The defendant, as before stated, sets up a counterclaim and seeks to recover the amount of the payment made by the Commissioner on the plaintiff's claim for refund. In support of the counterclaim it is urged that the Commissioner had no authority to make this payment, as no- claim for refund was filed until after the expiration of the period of limitations and the payment was not made until still later. We do not find it necessary to determine whether the Commissioner had authority to pay the refund or any part of it after the statute of limitations had run. The existence of plaintiff's claim did not depend upon the filing of a claim for refund. The claim arose from the fact that plaintiff had overpaid its tax. The statutory requirement that a claim for refund should be filed and also the limitations on the- time when suit might be brought are simply conditions required by the sovereign government to exist before suit could be begun on the claim, and have nothing to do with the validity of the claim. Nor did the validity of plaintiff's claim at all depend on the authority of the Commissioner to make the payment. All of these matters are merely statutory provisions, which at most only pertain to the right of the plaintiff to bring suit, and which Congress could repeal or change at any time, and thereby without in any way affecting the nature of the claim itself enable plaintiff- to recover by suit the balance of the overpayment.

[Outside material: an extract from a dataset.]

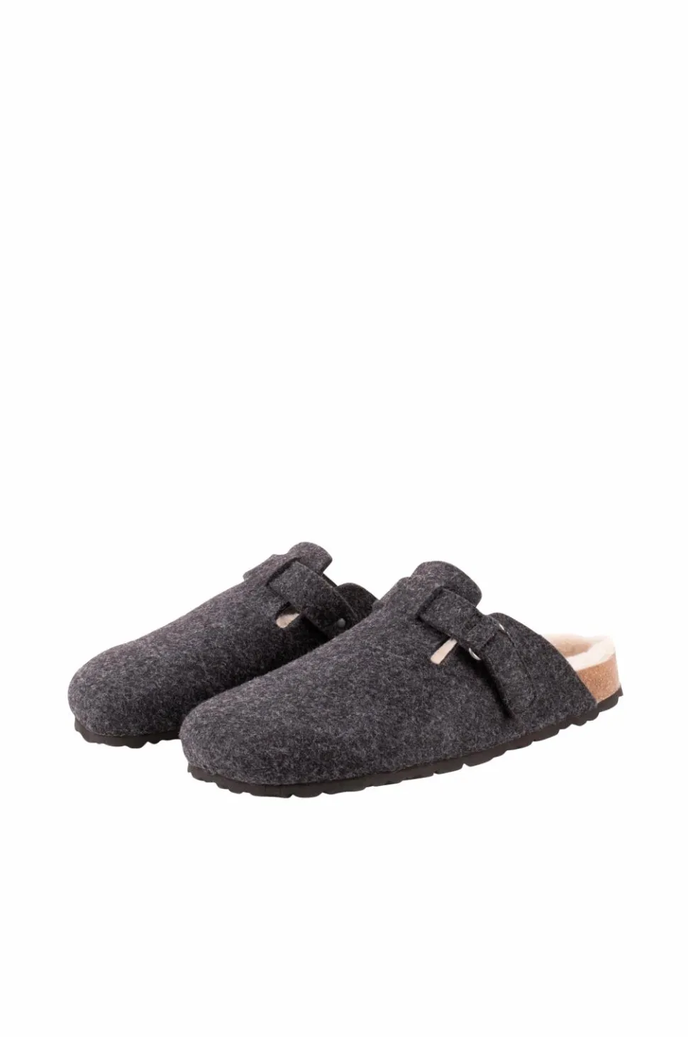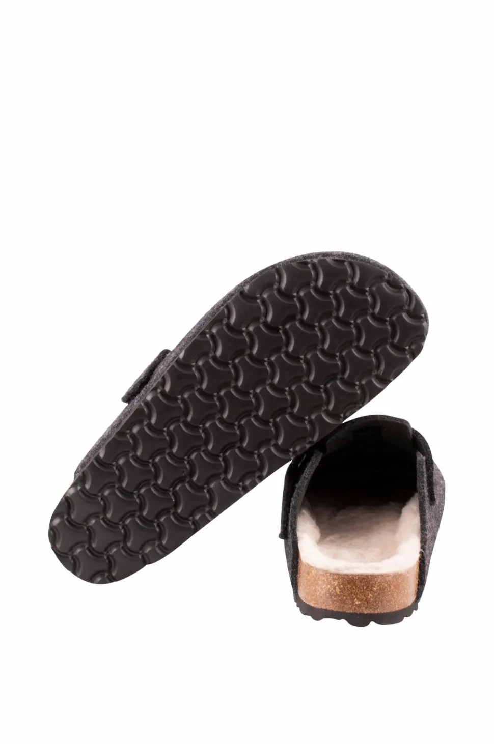 Shepherd Valdemar. Et par sandaler i blød uld. Sandalerne har brede remme med velcrolukning. Den fodformede korksål er dækket af fåreskind. Eva-ydersål giver en let og polstret sandal.

The situation is analogous to a case where a person holding a claim which is valid but barred by the statute of limitations receives payment from the party against whom the claim is held. The statute barred the remedy but did not extinguish the liability. Plaintiff received this payment on a claim which had not been extinguished, and, having so received it, the amount received became its property. We know of no theory upon which the government can claim that this money is due it. The fact that the plaintiff could not have recovered it by suit, as we have shown, does not defeat its right to keep it, which is founded on a just claim against the government. The counterclaim therefore cannot be sustained.
It will be observed that a peculiar situation has arisen in the case. We have held that the government was prevented from applying any of the overpayment upon the taxes of previous years by the statute of limitations. We have also held that the amount which the government undertook to so apply could not be recovered by plaintiff by reason of the statutory provisions requiring the filing of a claim for refund within a given time. But, while the court has felt constrained to apply these arbitrary rules of statutory law, the final result is that abstract justice is done, in that the government has received the amount of the taxes due it in all the period involved in the case, and the plaintiff has paid no more than it justly owed, and is permitted to retain the balance of its overpayment after these taxes have been settled. While the court is not influenced in the least by this result in coming to its decision, it can view the outcome with entire equanimity.
The petition and counterclaim must be dismissed, and it is so ordered.
BOOTH, Chief Justice, and WILLIAMS, Judge, concur.